Khorog and border towns remained under government control due to the presence of Russian border guards based there, but Tajik authorities could not establish any control over GBAO.

This was the situation when the civil war ended in 1997. For the government to claim nominal control over GBAO, Tajik authorities were forced to work out deals with influential local figures, some of whom had been members of the armed opposition during the civil war.

Brutal, unrelenting crackdown: Rahmon (Credit: Tajik presidency).

Tajik President Emomali Rahmon came to power in November 1992 as speaker of parliament. Several years after the signing of the peace agreement, Rahmon started working to neutralise allies he needed during the civil war and political opponents.

Between 1997 and 2022, Rahmon’s government sent troops into GBAO several times to try to gain control over the region. Each time, this sparked violence that ended with a truce essentially preserving the status quo.

GBAO became the only place in Tajikistan where protests against government policies were possible, until May 2022. Since then, the government has not only neutralised any Pamiris who could potentially rally local support, authorities have also worked to reduce the influence of the Pamiris’ spiritual leader, the Aga Khan.

Nearly all the improvements made in GBAO since independence are connected to the Aga Khan and the Aga Khan Development Network (AKDN).

The AKDN paid for research into hybrid crops that could grow at high altitudes in GBAO, funded the construction of small power plants and built several important facilities.

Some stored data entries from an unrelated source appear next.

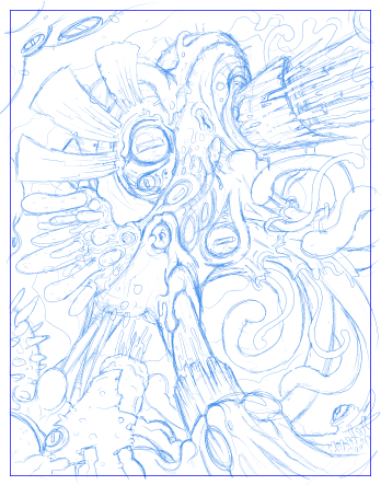 So here's a sketch. Been doing a lot of these, these little glimpses of what is clearly the Wall of Memory. Relaxing as anything can be just drawing this stuff, always has been. Screw-riddled flesh is as good a gateway to a zen state as anything, I figure. Some people have a glass of wine before bed, some people sketch writhing horrors. I've got a few piled up now, and I imagine I'll ink them at some point and then cook them up and eat'em. Not entirely certain. I'm sure if I get enough of these done I'll deposit them somewhere for people to find them, but I'm not quite there yet.
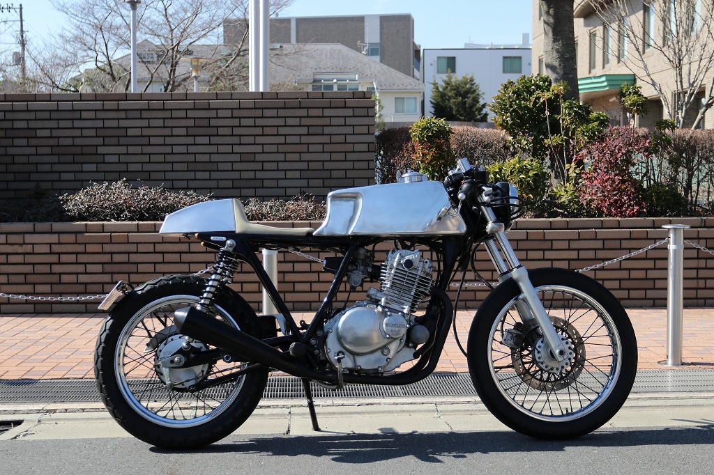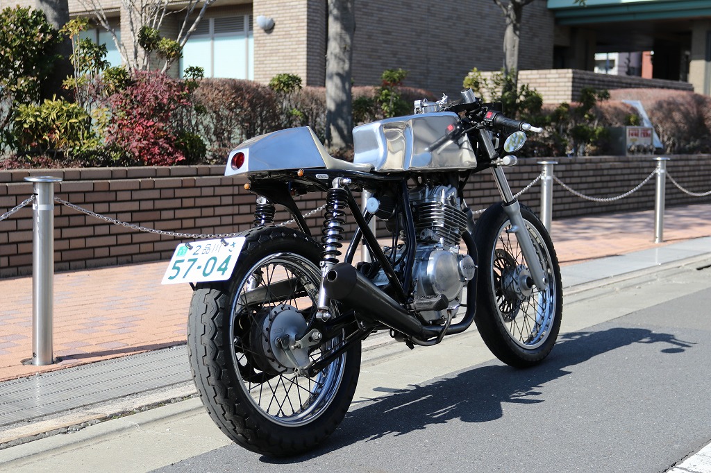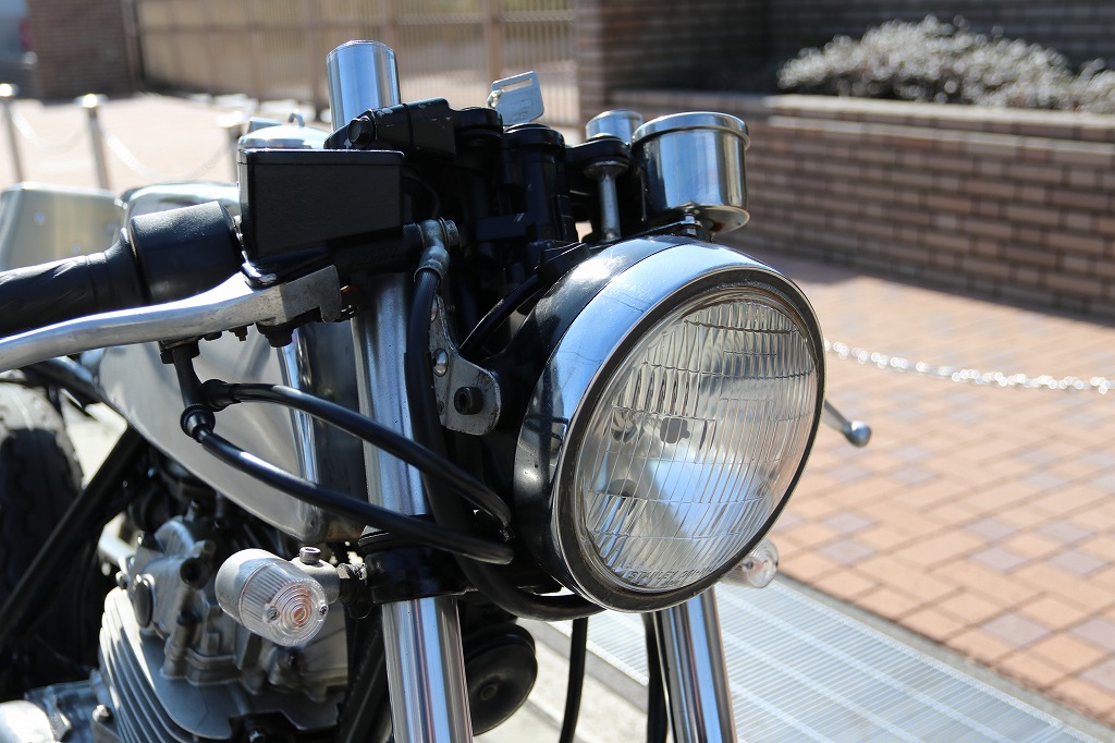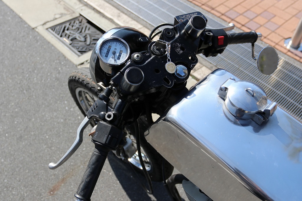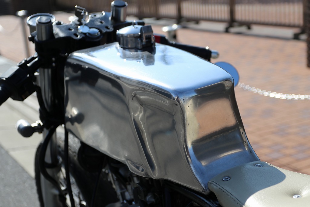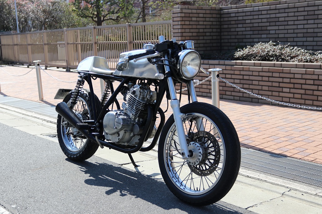 この車両はカフェレーサー仕様に、弊社の提携整備工場がワンオフで製作した一台です。
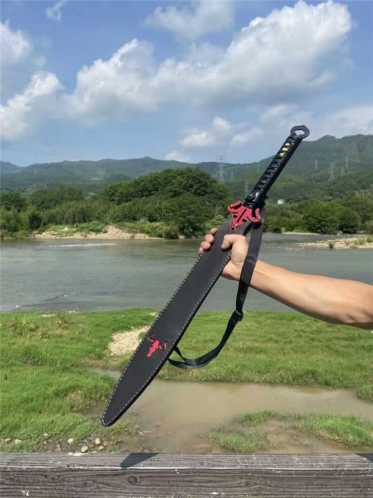 牛头酋长之剑 全长:82.5cm 刃长:48.5cm 柄长:26.5cm 刃宽:3.9-5..3cm 刃厚:0.5cm 材质:高锰钢一体锻打 经热冷处理,硬度高达60,锋利到轻松过水瓶,轻松砍竹木等、经过手工多次打磨抛光,剑身开双大槽,柄绕防滑皮绳 送PU皮套:锦盒
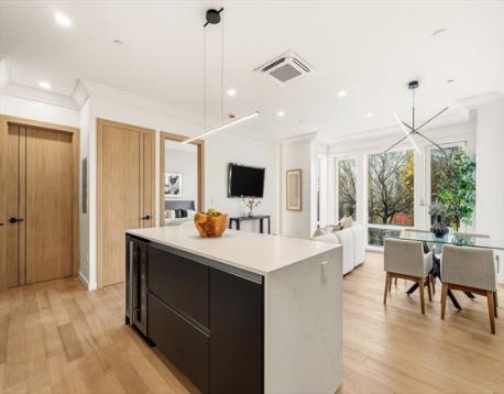 A new standard of sophistication, defined by a unique vision and exceptional execution, Amber Residences has been designed to stand out. Plush landscaping surrounds the building. The brick exterior, enhanced with sound baffling insulation, boosts efficiency. Inside, a striking lobby of refined finishes and dramatic lighting sets the stage. Each residence features custom German-imported kitchens from SieMatic and LG stainless appliances. Living rooms extend seamlessly to private decks, while expansive Drutex windows bathe the space in sunlight. Bathrooms are fully tiled with floating vanities, concealed storage, and primary showers accented by large niches and linear lighting. Radiant floor heating in primary baths. Every detail—elevated doors, artful hardware and fixtures, wine cooler, whole-unit Wi-Fi—has been intentionally crafted. Smart entry uses facial and license-plate recognition. Amenities include basement storage, a dog-wash station, EV charging, & two parking spaces included.

In August 2022, the government seized a park in Khorog that the AKDN built and owned. Next to be seized were hotels, a medical centre and other property funded and owned by the AKDN. Tajik authorities also cancelled the licence of the Aga Khan’s lyceum in Khorog, and the government is currently in a court battle to take the University of Central Asia the Aga Khan built in Khorog.

Additionally, in early 2023, the government banned Ismaili home prayers and ordered GBAO residents to remove portraits of the Aga Khan.

On top of everything, Prince Karim Aga Khan IV, who had done so much for the Pamiris in GBAO, died in early February this year.

No help in sight

President Rahmon has been able to abuse the Pamiris with hardly any outcry heard from the international community.

Tajikistan is considered something of a front line against terrorist threats emanating from neighbouring Afghanistan. Even democratic governments are concerned about what could happen if Rahmon’s government was overthrown.

Rahmon has hyped up the threat from Afghanistan and taken advantage of the cautious foreign policies of many countries towards Tajikistan to crush domestic opposition, keep the country’s people impoverished, while his family and cronies have grown rich, and now eliminate the Pamiris.